An hour later at the Edina Target, our van was assembled and off we went. We drove for a couple hours and as the sun slowly broke over the horizon, and after we stopped for some coffee and snacks, we reached the starting line in Winona, MN on the bank of the Mississippi River. Our spirits were high and though we grumbled that our teammates in Van #2 likely weren’t even awake, we were glad to be at the starting line knowing our van would have the fortunate experience of seeing the race from start to finish.

We wandered along the levee and mingled with other teams as our start time approached. Exact times are fuzzy to me as I quickly lost sense of what time it was and where we were. I was focused on how long I had until my leg, what I needed to consume calorie-wise, what I’d need to wear and how I would hydrate and recover. Once Christine kicked off the race and took off running towards the bridge that connected Minnesota and Wisconsin, the clock was running and it became real. I was the next runner and had only minutes to meet Christine at the first exchange point.

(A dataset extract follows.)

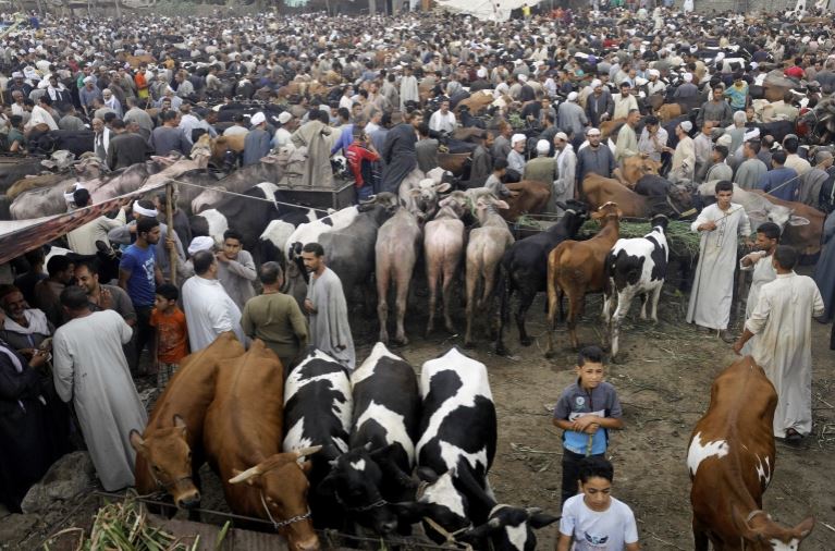توافد آلاف المصريين على سوق المواشي في القاهرة، متجاهلين تعليمات وزارة الصحة بوضع الكمامات والتباعد الاجتماعي، رغم انتشار فيروس كورونا. لشراء الأضاحي قبل العيد.

552643_763117939117_769711236_nPart of the fun was cheering for and supporting your team during their leg. We drove ahead of Christine, parked and jumped out of the fan to cheer, yell and play songs through our megaphone as she passed. We’d cheer for other runners too….these were honest and good-natured at first but over the course of 200+ miles when we’d cheer for other runners we’d be, well not exactly 100% supportive. Sure, we clapped and cheered and played music for them but we made sure we’d keep ourselves entertained as well. More on that later.

So after stopping a few times to wave and cheer for Christine we reached the first exchange point. I had my uniform on: green shirt, shorts, my good running shoes, black bandana. I had a small water bottle and a pair of Jolly Ranchers in my pocket. I set my iPod to my 50’s rock & roll mix. Fast, upbeat songs that set the perfect pace for my usual 10:30 mile (yeah I know, not fast). Elvis, Eddie Cochran, Little Richard, Chuck Berry. Stuff that makes me run with a lot of energy.

I was nervous. I had to pee more than I felt I should have, and I was jumping about anxiously knowing that my exact start time was not up to me. I could not wait to go running until I felt right, or until the weather was perfect, or until I was fully stretched and warmed up. As soon as Christine appeared on the road I’d be in the exchange point whether I was ready or not.

1176230_763118318357_2024243755_nAnd just minutes before Christine came jogging over the horizon a funny thing happened: a lady who I had never met before and who I did not recognize came up to me and said “You’re a [name of my company] guy.” During any race like this, or any gathering of people, I usually always know or recognize someone. I’ve spent more than 20 years of my life in the Twin Cities and I’ve met enough people through work, school and social events to pretty much guarantee that anywhere I go where there’s a large crowd, I see someone I know. But I did not know this person. She knew where I worked, but I had never seen her before in my life.

So I challenged her. “Why do you think that? I’m not wearing a [company color] badge. I’m not wearing a sensible button-down shirt….”

She came back quickly. “You were a finance guy.”

Somewhat true. I had worked on a long, high-profile project that supported my company’s division. I had a lot of face time during that project so the fact that this person recognized me, even though I did not recognize her was not much of a surprise.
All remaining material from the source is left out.